# Craftsman Snowblower Oil coming out of exhaust



## jas6675 (Jan 27, 2019)

Model 247.887801
I have oil coming out of the exhaust and the spark plug is soaked with oil. It will run for a couple seconds and die. What might cause this issue?


----------



## Jackmels (Feb 18, 2013)

Too much Oil in the Crankcase


----------



## RedOctobyr (Mar 2, 2014)

Agreed, check the oil level. Also see if the oil smells like gas. If it does, your carburetor's needle valve probably is leaking, letting gas run down, through the engine, into the crankcase. Oil that's gas-contaminated doesn't lubricate as well, and can cause engine damage. 

If the oil level is just too-high, drain it until it's at the right level. If it had been OK, and now it's too-high, and/or smells like gas, I'd drain it all, and change it. But if you have a carb leak, you also need to deal with that. If you have a fuel shutoff valve, you can close that at the end of every (!) use, to prevent gas from leaking through the carb, into the engine. You can do that as a short-term solution, until you fix the carb problem. 

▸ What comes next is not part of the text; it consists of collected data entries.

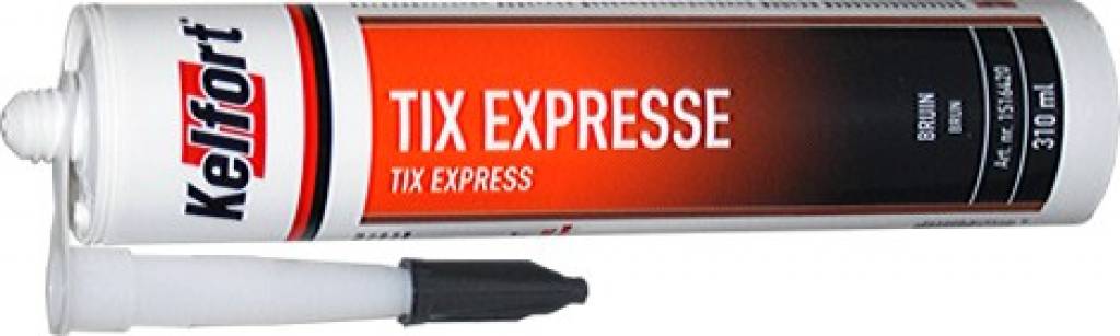 Type Tix Expresse. E n-component pasteuze polyurethaanlijm met zeer snelle uitharding en een voegvullende werking. Droogt blank op. Voor watervaste en temperatuurbestendige (-30 C tot + 100 C) houtverbindingen. De lijm zakt niet weg op verticale vlak...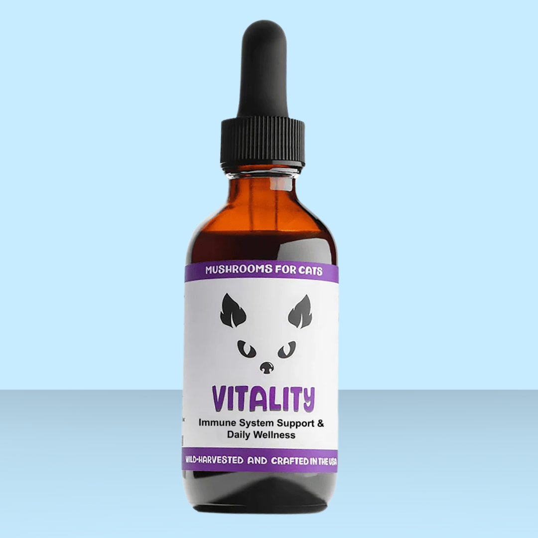 Vitality is a blend of mushroom extracts sourced from wild-harvested and naturally cultivated mushrooms grown outdoors in their native environments. This blend does it all, supporting cell turnover rate, boosting vitality in aging cats, supporting a balanced immune system, reducing inflammation, supporting liver health, and boosting mobility, and flexibility!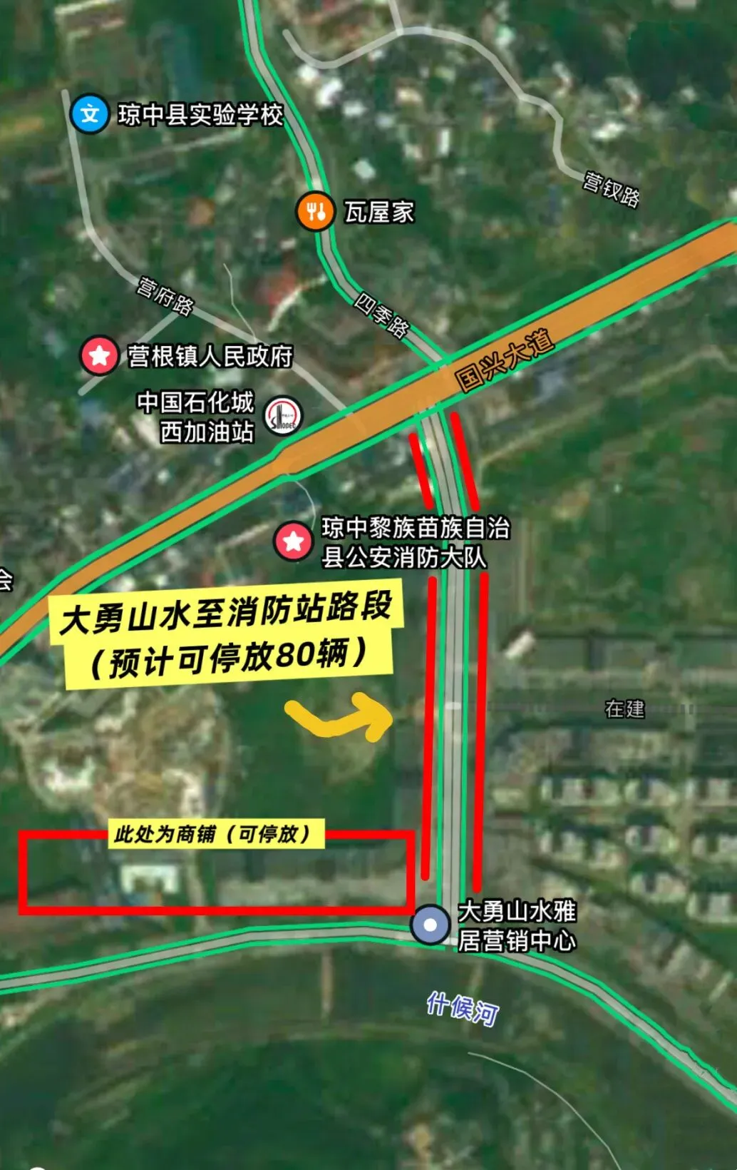 【7】大勇山水至消防站路段长约180米,两边可停放车辆50辆,大勇山水商铺停车场可停放30辆,该路段预计可停放车辆总量为80辆。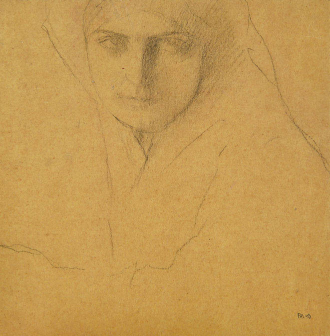 Alors que le personnage semble simplement esquissé, l’artiste attache une attention notable au visage de la religieuse. Son regard, dirigé vers les cieux, est empli de contemplation et de ferveur. Le cadrage, coupé dans sa partie supérieure, permet d’accentuer ce regard des plus intense. Cette attitude évoque deux toiles réalisées la même année (1885) par l’artiste : « La Vierge au rabot » conservée à la Pinacothèque de Munich ou encore « La Vierge à la Rose » (fig. 1) au Metropolitan Museum of Art de New York.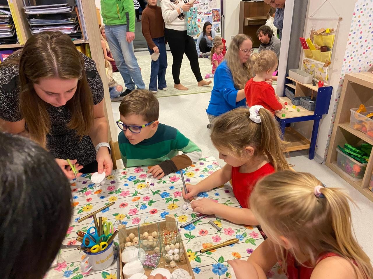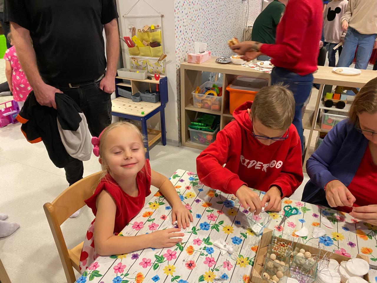 Také ve třídě Soviček byly hodné děti. A tak pod stromečkem byla velká spousta dárků. Děti vše pečlivě prozkoumaly . Odpoledne předvedly rodičům krátké pásmo koled a básní V dílničkách si vyrobily andělíčka a dřevěný vánoční stromeček. Také si pochutnávaly na cukroví a donesených dobrotách.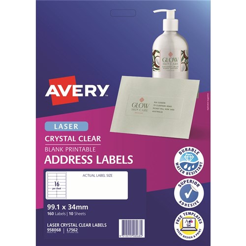 Premium glossy clear material is 100% transparent Ideal for coloured envelopes, invitations and events Customise your labels with our free and easy-to-use template software; Avery Design and Print - available at averyproducts.com.au/print Jam-Free reliability for trouble free printing on Laser printers, saving time and minimising wastage Suitable for Laser printers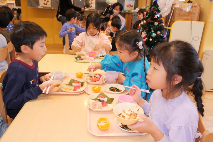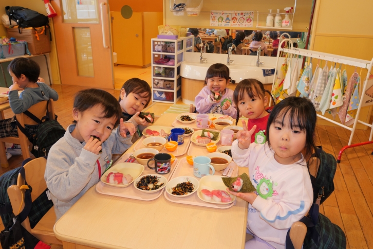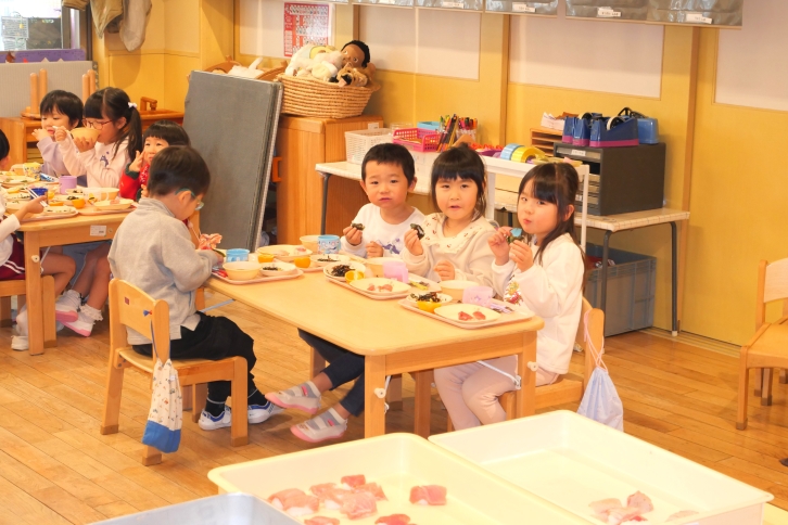 イベント終了後、園児たちは各クラスへ戻り、職人さんが握ってくださった寿司をいただきました。自分たちの目で見て学んだマグロを「おいしいね」と言いながら味わった経験からはいつも食べているものへの理解や関心が育っていくことでしょう。
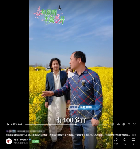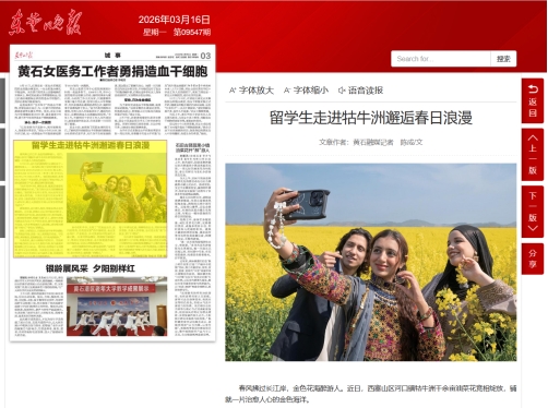 本网消息 近日,我校组织留学生开展了“读懂中国·魅力黄石”系列文化体验及社会实践活动。从西塞山河口镇漫山遍野的金色油菜花海,到阳新县金海万亩茶园里沁人心脾的茶香,留学生们以“文化使者”的独特视角,用眼睛观察、用双手触摸、用心灵感受,生动地展现出黄石在乡村振兴、文化传承与城市发展中的崭新面貌。此次活动先后获得学习强国、湖北电视台、黄石日报、东楚晚报等多家主流媒体报道,相关图文报道及视频同步发布在海外社交媒体“Discover Huangshi”外宣版块,实现海内外双线传播,引发广泛社会关注与热烈反响。

And even if not contaminated, an oil level that's too high can cause engine damage by itself, the oil foams up with air, and again doesn't lubricate as well. So if the level is too high, get the level correct before trying to run it again. 

You might also want to remove the spark plug, cover the hole with a rag, and pull the engine over several times, in case there's oil accumulated in the cylinder. You might be able to blow some of it out.


----------



## jas6675 (Jan 27, 2019)

I left it sitting outside last couple nights in freezing weather. When i went out this morning it was out of gas and thought that was strange because i didn't use much since last time i filled it. This particular model has both a dipstick and a plug next to the oil drain plug. When i pulled the plug out next to that oil drain it poured what looked like gas and oil everywhere. So dumb question...What is that plug(is it also oil) and why does it have both it and a dipstick? And why would all the fuel be in there?


----------



## Jackmels (Feb 18, 2013)

Carb Leaked, and the gas went into the crankcase. Drain and fill with oil. Shut off fuel when not in use, or rebuild/replace carb


----------